------ WORKING DATA
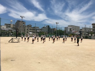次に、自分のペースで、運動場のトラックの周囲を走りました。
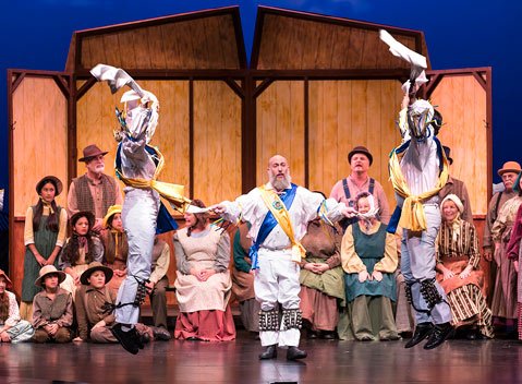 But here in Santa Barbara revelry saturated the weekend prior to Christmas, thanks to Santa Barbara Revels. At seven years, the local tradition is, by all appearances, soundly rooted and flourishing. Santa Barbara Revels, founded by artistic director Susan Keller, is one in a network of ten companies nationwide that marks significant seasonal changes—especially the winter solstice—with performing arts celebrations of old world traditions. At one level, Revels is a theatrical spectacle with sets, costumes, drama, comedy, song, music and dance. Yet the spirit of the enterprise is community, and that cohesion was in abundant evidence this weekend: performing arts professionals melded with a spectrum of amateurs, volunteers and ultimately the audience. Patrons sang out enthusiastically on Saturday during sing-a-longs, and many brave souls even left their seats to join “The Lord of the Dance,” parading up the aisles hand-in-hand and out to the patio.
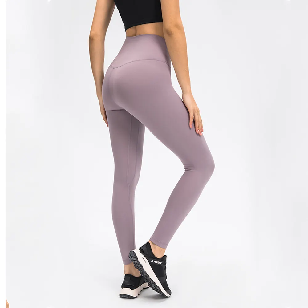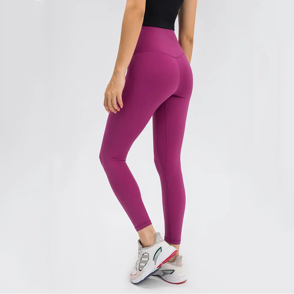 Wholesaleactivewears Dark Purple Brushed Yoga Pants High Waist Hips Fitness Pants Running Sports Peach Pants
------------
------ WORKING DATA
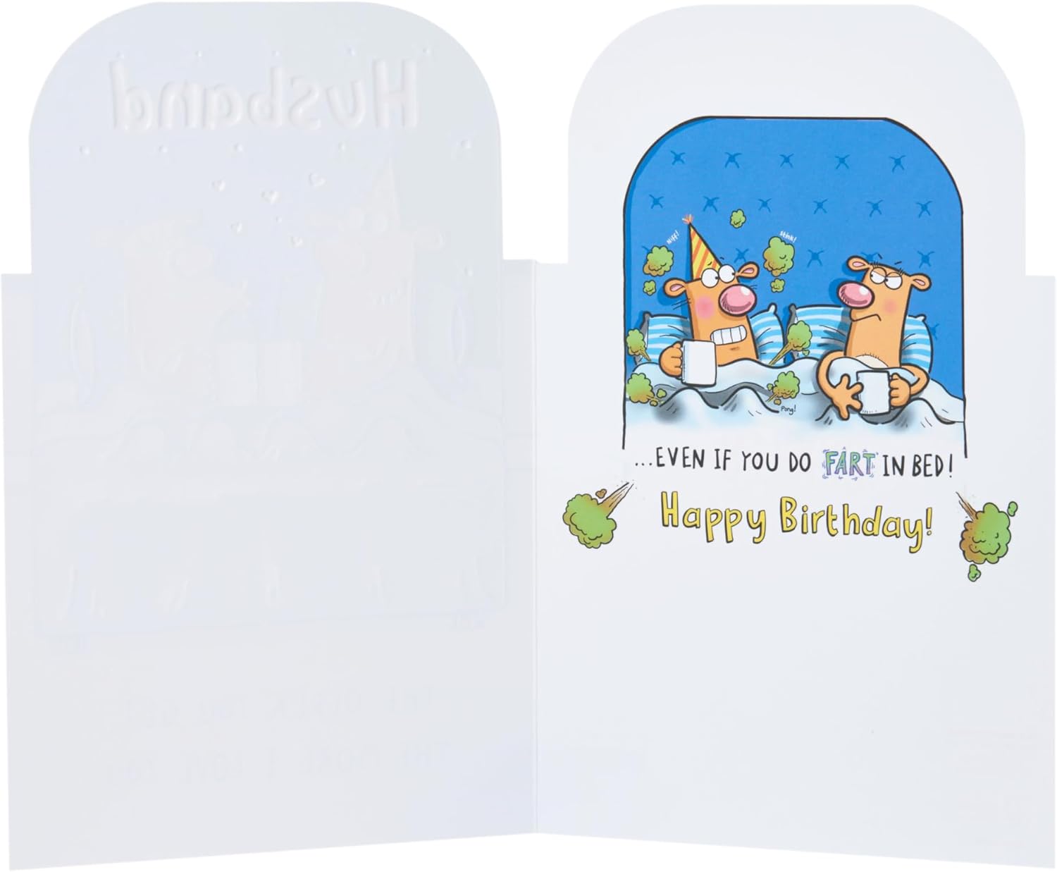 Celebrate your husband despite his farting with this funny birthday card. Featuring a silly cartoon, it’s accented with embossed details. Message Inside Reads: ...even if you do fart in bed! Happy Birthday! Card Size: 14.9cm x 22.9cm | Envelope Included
------------
------ WORKING DATA
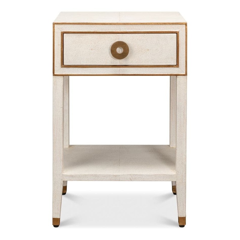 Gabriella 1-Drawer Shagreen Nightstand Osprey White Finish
------------
*TASK TO CARRY OUT*: Look above for the line with "次に、自分のペースで、運動場のトラックの周囲を走りました。"; quote it and every line after it, stopping after the line with "Wholesaleactivewears Dark Purple", exactly, with nothing added and without pictures.

*FINAL ANSWER*:
次に、自分のペースで、運動場のトラックの周囲を走りました。
 But here in Santa Barbara revelry saturated the weekend prior to Christmas, thanks to Santa Barbara Revels. At seven years, the local tradition is, by all appearances, soundly rooted and flourishing. Santa Barbara Revels, founded by artistic director Susan Keller, is one in a network of ten companies nationwide that marks significant seasonal changes—especially the winter solstice—with performing arts celebrations of old world traditions. At one level, Revels is a theatrical spectacle with sets, costumes, drama, comedy, song, music and dance. Yet the spirit of the enterprise is community, and that cohesion was in abundant evidence this weekend: performing arts professionals melded with a spectrum of amateurs, volunteers and ultimately the audience. Patrons sang out enthusiastically on Saturday during sing-a-longs, and many brave souls even left their seats to join “The Lord of the Dance,” parading up the aisles hand-in-hand and out to the patio.
 Wholesaleactivewears Dark Purple Brushed Yoga Pants High Waist Hips Fitness Pants Running Sports Peach Pants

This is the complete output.